* **AIM OF THE EXERCISE**: Copy out the lines beginning with the one that contains "NPD DisplaySearch 觀察到, 目前雖然4K" and ending with the last line below, exactly as they stand. Pictures are not copied.

* **SUPPLIED MATERIAL**:

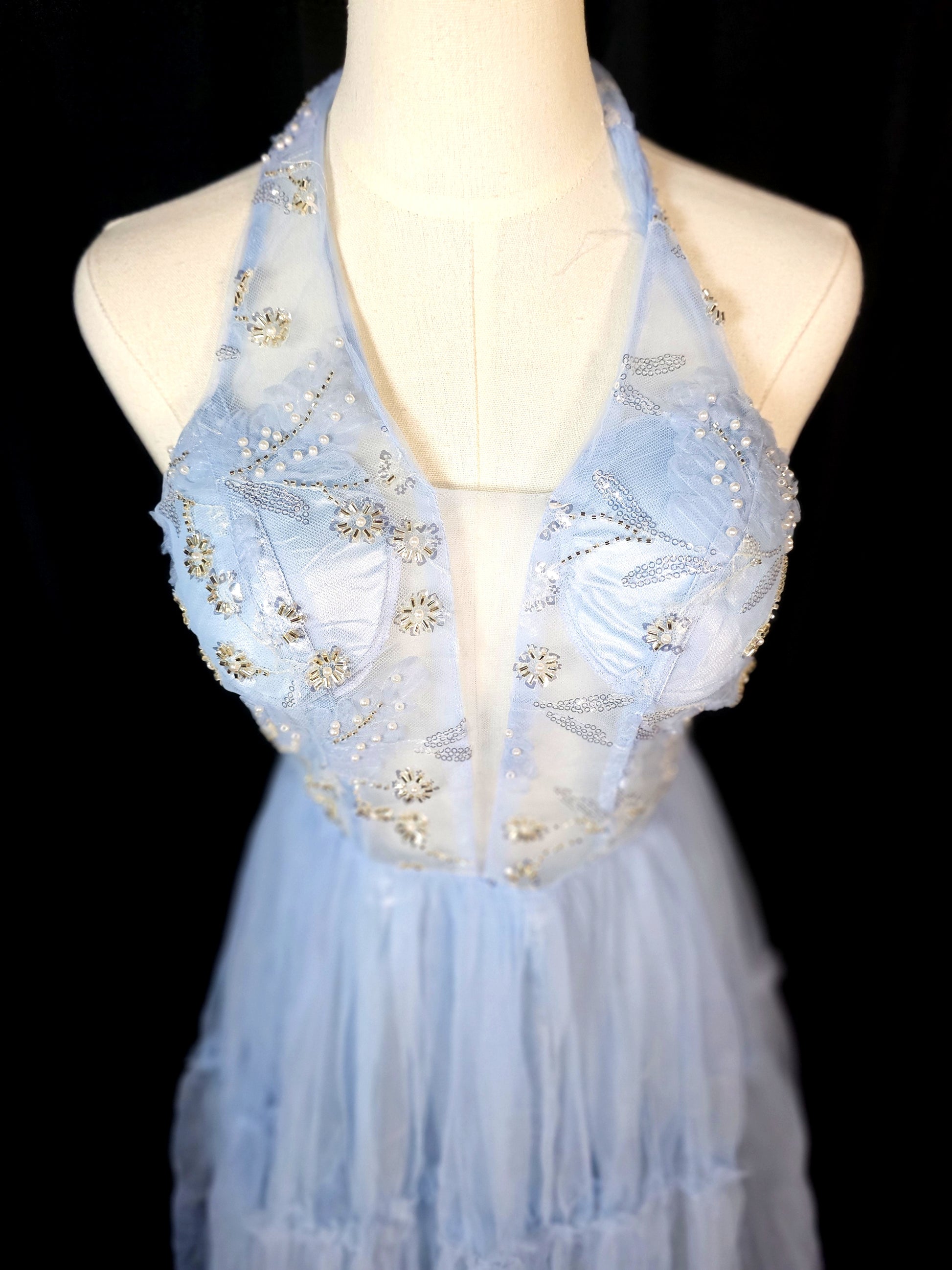 Get ready to turn heads at every gathering with our Celestial Charm dress! Made from heavenly blue tulle and adorned with sparkling embellishments, this masterpiece is like wearing a piece of the night sky. You’ll look so stellar that even constellations might get jealous! Designed to highlight your best features while ensuring you can twirl without a worry, it's perfect for dancing the night away or simply feeling fabulous while sipping on your favorite drink. Wear it to parties, weddings, or anywhere you want to shine brighter than a shooting star. Just a word of advice: beware of meteor showers—you're bound to steal the spotlight!
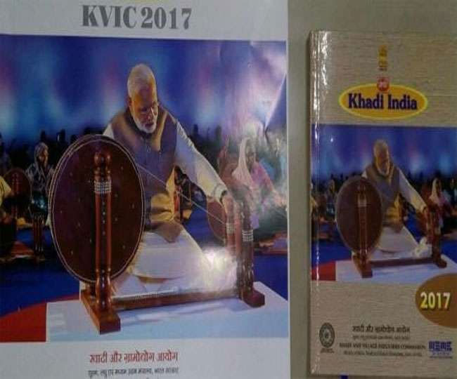 बता दें कि खादी ग्रामोद्योग आयोग (केवीआइसी) की ओर से हर साल प्रकाशित होने वाले कैलेंडर और डायरी में इस साल बार आमूल-चूल बदलाव हुए हैं। खादी के पर्याय कहे जाने वाले बापू वर्ष 2017 के कैलेंडर और डायरी के कवर पर हमेशा की तरह इस बार नहीं दिख रहे हैं। इस साल उनकी जगह प्रधानमंत्री नरेंद्र मोदी ने ले ली है।
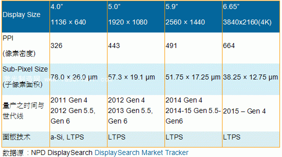 NPD DisplaySearch 觀察到, 目前雖然4K 電視隨處可見, 但以智能手機與(yu) 智能平板等移動裝置麵板而言, 要達到超高分辨率與(yu) 絕對分辨率相比,像素密度(Pixel Per Inch, PPI)為(wei) 麵板製造帶來的困難更多。
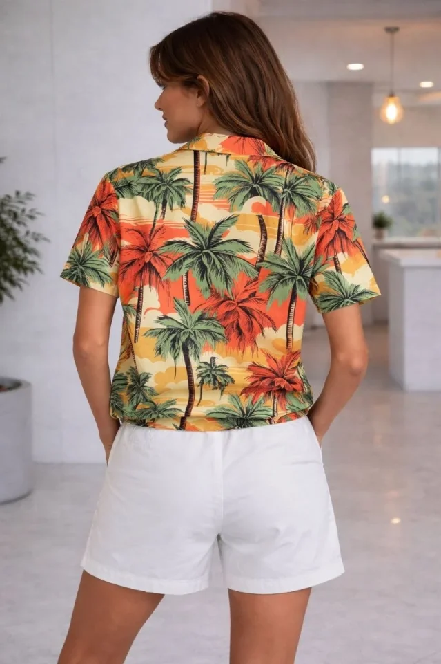 Tropikal Palmiye Desenli Kısa Kol Gömlek Şort Takım Yazlık Rahat – Desenli Modelin Ölçüleri: Boy:165, Kg:55, Göğüs:90, Bel:72, Kalça: 100 Modelin üzerindeki ürün M/38 bedendir

* **SOLUTION TO THIS TASK**:
 NPD DisplaySearch 觀察到, 目前雖然4K 電視隨處可見, 但以智能手機與(yu) 智能平板等移動裝置麵板而言, 要達到超高分辨率與(yu) 絕對分辨率相比,像素密度(Pixel Per Inch, PPI)為(wei) 麵板製造帶來的困難更多。
 Tropikal Palmiye Desenli Kısa Kol Gömlek Şort Takım Yazlık Rahat – Desenli Modelin Ölçüleri: Boy:165, Kg:55, Göğüs:90, Bel:72, Kalça: 100 Modelin üzerindeki ürün M/38 bedendir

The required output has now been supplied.